Но потом зароились впечатления последних встреч, его приходы за барахлом, равнодушие к сыну и дочери. «Говорят, детям тяжелее, – думала Марина. – Ну, не знаю. Они хоть не отвечают ни за что. А я… Все теперь на мне!.. Сволочь, как же я его ненавижу!» В прошлой жизни проблемы делились на двоих, и основная их тяжесть, само собой, ложилась на плечи Кострова. Теперь… «Ладно – я, но от детей отречься! Сволочь… Ненавижу!»

4

– А папа лампу забрал, – сказал Миша, чувствуя себя безнадежно плохим и опасаясь, что мама заговорит именно об этом.

Марина опустилась на диванчик в прихожей.

– Какую еще лампу? – спросила устало.

– У вас в спальне висела. Синюю такую лампу, – поспешно доложил мальчик. – А я тебя ждал и очень хорошо сидел… И папе помог лампу снимать. И он меня похвалил, – соврал Миша, с тревогой глядя на маму. – Я все хорошо делал и ничего не сломал. Я тебя ждал… А Таня не пришла…

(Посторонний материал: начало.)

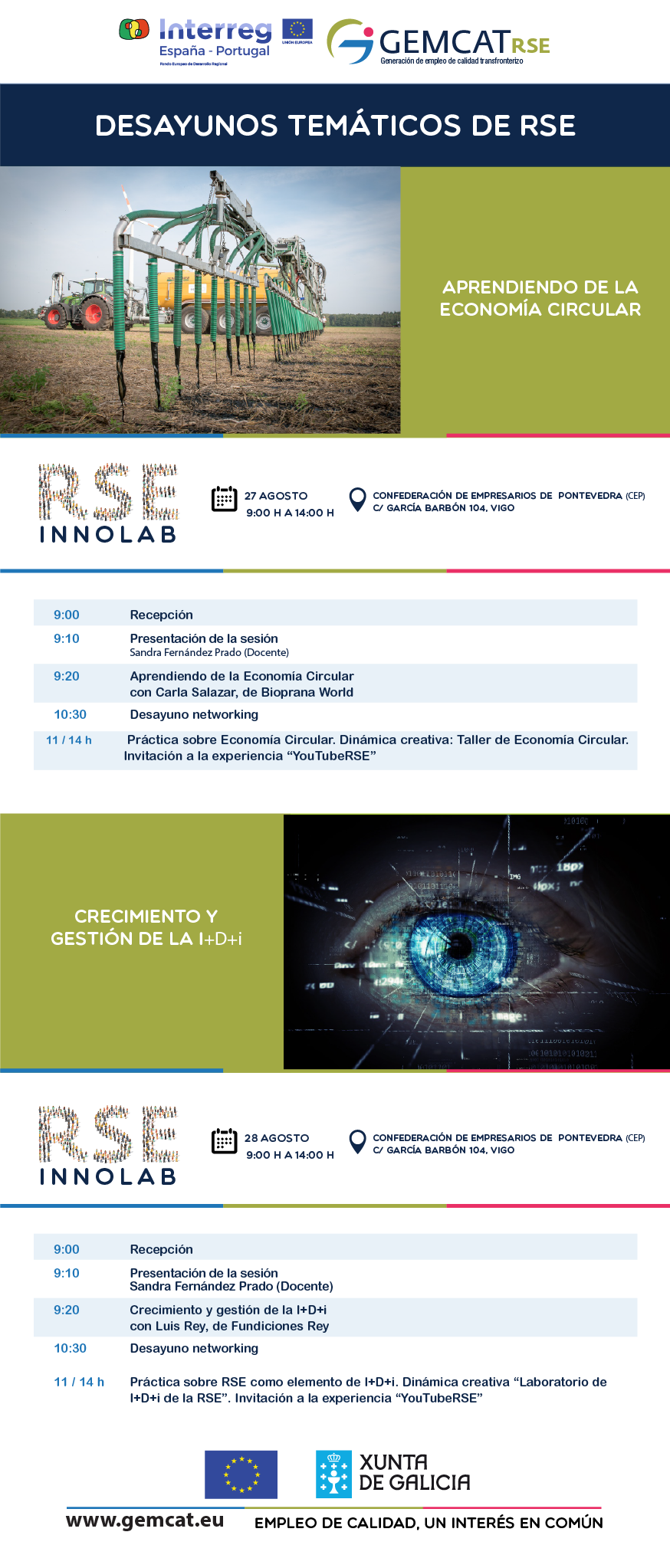 El mes de agosto finaliza en la oficina RSE Innolab de Vigo con dos nuevas citas importantes. La primera es el desayuno temático Aprendiendo de la Economía Circular, que se celebra el martes, 27 de agosto. Ese día tendrás ocasión de adquirir nuevos conocimientos con

Он не знал, что еще сказать, но чувствовал, что повел себя очень правильно, что удалось очень ловко отвлечь маму, и она на него не сердится. Только бы мама не сердилась! Тем более что на самом-то деле он ведь хороший… Он с завтрашнего дня уже будет хорошим мальчиком! Начнет новую жизнь, ничего не прольет, не подерется, и вообще… И папа вернется. Только бы мама не сердилась!

– Господи, что ж ты так сутулишься-то? Спина прям колесом стала! Что с тобой сделалось? – воскликнула мама, тихонько хлопая сына по лопаткам. Миша к ней прижался и затих, немножко успокаиваясь.

5

Таня не спешила домой: с некоторых пор там поселилась тоска. Дома было тревожно, но в школе не лучше. «Вдруг в классе узнают, что у нас творится…» – то и дело думала она в ужасе. Только на улице, между квартирой и школой, в отрадном одиночестве, Таня могла немножко расслабиться, отдохнуть от новых для нее горьких забот. Она нарочно удлинила маршрут, жадно цепляясь глазами за все предметы, возникавшие по дороге. «О, собака… Хвост такой твердый… смешной… Воробей… х-х, какой… издали невзрачный, а рассмотришь – красавец! Полосочки там всякие, пятнышки… Или вот камни: пыльные – и ничего не видно, некрасивые, как асфальт. А в луже, помоются – красные, зеленые… Гранит объявится… шпат еще полевой…» – размышляла Таня, подвигаясь к дому.

У подъезда вспомнила о беде и нахмурилась. «Вдруг девочки спросят в школе… Или учительница вызовет папу… И все узнают? Нет, только не это! Позор! Я не вытерплю… Я тогда умру!»

Она сразу заметила пропажу кварцевой лампы.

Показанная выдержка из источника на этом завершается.